HOw often do I need to put screws in my top cap for my deck railing?"  I want to make sure it looks nice, so I don't want to put in too many.


----------



## Daryl in Nanoose (Jul 15, 2007)

What is and what size is your cap and can you screw from underneath??


----------



## cibula11 (Jul 16, 2007)

My cap is a 2x4 layed flat.  It sits on the top rail which is also a 2x4.  If I chose to screw from underneath I would have to toenail each screw.  Not sure if that is the best way or not.  I read some other sites that said every
12" , but that seems like an awful lot of screws to have to look at.


----------



## Daryl in Nanoose (Jul 16, 2007)

I would stick with 12" but no more than 16 forsure and no, no toenails.


----------



## cibula11 (Jul 17, 2007)

So if you say no to the toenails, is there another way to attach the cap rail from the bottom?
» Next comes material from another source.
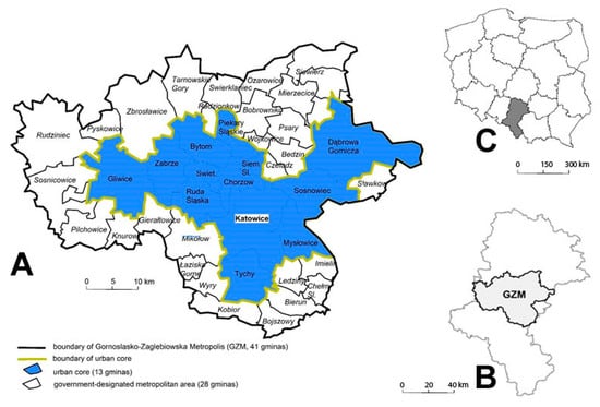 Research area: (A) Cities that function as separate districts in the Górnośląsko-Zagłębiowska Metropolis (GZM). (B) GZM against the background of the Silesian Province. (C) Silesian Province against the background of Poland. Source: Authors’ own elaboration.

To give you a better picture, the cap rail is centered over the top rail.


----------



## Kerrylib (Jul 17, 2007)

Drill a countersink hole through ~2/3 of the 2x4

Put a washer sized to your countersink hole under the screw head and run them up from underneath.

I'm sure you already have the railing in place, so you'll get to lie on your back and enjoy staring up at the sky while you do the drilling.  If not, just flip it over and pre-drill and countersink every ~12"


----------



## Daryl in Nanoose (Jul 18, 2007)

Kerrylib said:


> Drill a countersink hole through ~2/3 of the 2x4
> 
> Put a washer sized to your countersink hole under the screw head and run them up from underneath.
> 
> I'm sure you already have the railing in place, so you'll get to lie on your back and enjoy staring up at the sky while you do the drilling.  If not, just flip it over and pre-drill and countersink every ~12"


 Good idea Kerrylib, This is all I could think of to exept for screwing down from the top and pluging the holes afterwards.


----------



## cibula11 (Jul 19, 2007)

May I ask what is bad with toenailing from the top rail to the cap rail from underneath?


----------



## Kerrylib (Jul 19, 2007)

I don't know of any specific arguments that toenailing is bad, but just thinking about it:

1. Pain in the butt factor
2. Personnaly think it looks bad.
3. Limited strength if you don't do it well.
4. Running the screws in at angle is going to want to pull the top cap sideways and probably twist it from sitting flat.  Solution would be to clamp it down tightly when installing screws and attach screws from both sides.  This would help negate #3 above.


----------



## Daryl in Nanoose (Jul 19, 2007)

Kerrylib said:


> I don't know of any specific arguments that toenailing is bad, but just thinking about it:
> 
> 1. Pain in the butt factor
> 2. Personnaly think it looks bad.
> ...


 *My thoughts to exactly*


----------